§ **Exercise**
Scan the records beneath this line for the line holding "如果电路中多处使用mc()呢" and the line holding "2 A FENASEG", then transcribe exactly those two and all lines between.

§ **Data excerpts**
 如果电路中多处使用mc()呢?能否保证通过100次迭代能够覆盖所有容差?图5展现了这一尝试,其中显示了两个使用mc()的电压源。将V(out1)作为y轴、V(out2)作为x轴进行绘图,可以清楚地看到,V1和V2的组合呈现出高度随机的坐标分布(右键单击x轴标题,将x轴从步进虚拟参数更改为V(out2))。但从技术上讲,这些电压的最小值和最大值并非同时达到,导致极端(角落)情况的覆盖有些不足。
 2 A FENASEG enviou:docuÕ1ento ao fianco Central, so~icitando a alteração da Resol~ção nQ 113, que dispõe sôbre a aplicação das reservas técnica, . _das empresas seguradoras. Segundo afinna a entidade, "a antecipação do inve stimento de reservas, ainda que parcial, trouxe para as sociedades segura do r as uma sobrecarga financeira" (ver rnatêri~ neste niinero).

--

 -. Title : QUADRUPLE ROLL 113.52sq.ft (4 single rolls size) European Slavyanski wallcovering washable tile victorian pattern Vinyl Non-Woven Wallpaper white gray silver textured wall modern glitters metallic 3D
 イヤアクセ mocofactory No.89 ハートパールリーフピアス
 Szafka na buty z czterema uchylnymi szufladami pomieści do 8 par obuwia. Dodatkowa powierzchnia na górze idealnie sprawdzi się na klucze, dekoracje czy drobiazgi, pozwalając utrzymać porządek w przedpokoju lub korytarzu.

§ **Task output**
 如果电路中多处使用mc()呢?能否保证通过100次迭代能够覆盖所有容差?图5展现了这一尝试,其中显示了两个使用mc()的电压源。将V(out1)作为y轴、V(out2)作为x轴进行绘图,可以清楚地看到,V1和V2的组合呈现出高度随机的坐标分布(右键单击x轴标题,将x轴从步进虚拟参数更改为V(out2))。但从技术上讲,这些电压的最小值和最大值并非同时达到,导致极端(角落)情况的覆盖有些不足。
 2 A FENASEG enviou:docuÕ1ento ao fianco Central, so~icitando a alteração da Resol~ção nQ 113, que dispõe sôbre a aplicação das reservas técnica, . _das empresas seguradoras. Segundo afinna a entidade, "a antecipação do inve stimento de reservas, ainda que parcial, trouxe para as sociedades segura do r as uma sobrecarga financeira" (ver rnatêri~ neste niinero).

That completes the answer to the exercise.